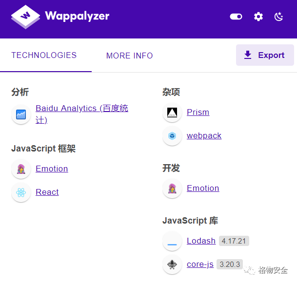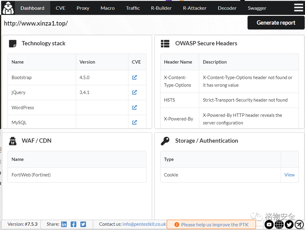 PTK仪表盘允许您分析客户端/服务器端技术并检查任何第三方库以获取现有的CVE,例如已知的漏洞。同时,它使您可以在浏览应用程序时快速访问有关所有框架和请求的信息。
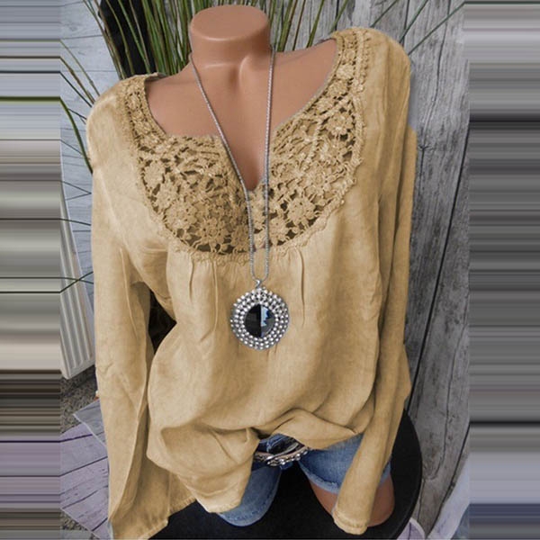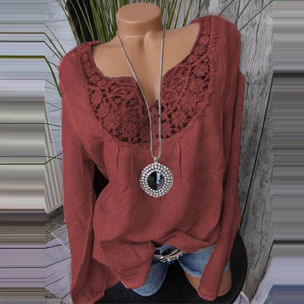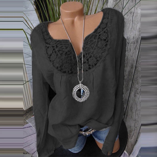 Exude confidence when you express your chic side in this lace spliced long sleeve top! Cut from a smooth
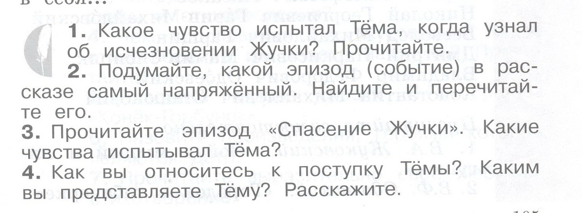 1)Мальчик с ужасом вслушивается в слова няни, и мысли роем теснятся в его голове.У него мелькает масса планов, как спасти Жучку, он переходит от одного невероятного проекта к другому и незаметно для себя засыпает.2)Но подниматься труднее, чем спускаться!)Нужен воздух, нужны силы, а того и другого у Тёмы уже мало. Страх охватывает его, но он подбадривает себя дрожащим от ужаса голосом: – Не надо бояться, не надо бояться!Стыдно боятьсяТрусы только боятся 3)Но теперь, когда дело сделано, силы быстро оставляют его, и он падает в обморок. 4)тема хороший мальчик он сделал хороший поступок
-*-*-
> _Exercise requirements_
Where a picture appears in the material above, skip it, and print the rest exactly.

> _Result of this exercise_
 PTK仪表盘允许您分析客户端/服务器端技术并检查任何第三方库以获取现有的CVE,例如已知的漏洞。同时,它使您可以在浏览应用程序时快速访问有关所有框架和请求的信息。
 Exude confidence when you express your chic side in this lace spliced long sleeve top! Cut from a smooth
 1)Мальчик с ужасом вслушивается в слова няни, и мысли роем теснятся в его голове.У него мелькает масса планов, как спасти Жучку, он переходит от одного невероятного проекта к другому и незаметно для себя засыпает.2)Но подниматься труднее, чем спускаться!)Нужен воздух, нужны силы, а того и другого у Тёмы уже мало. Страх охватывает его, но он подбадривает себя дрожащим от ужаса голосом: – Не надо бояться, не надо бояться!Стыдно боятьсяТрусы только боятся 3)Но теперь, когда дело сделано, силы быстро оставляют его, и он падает в обморок. 4)тема хороший мальчик он сделал хороший поступок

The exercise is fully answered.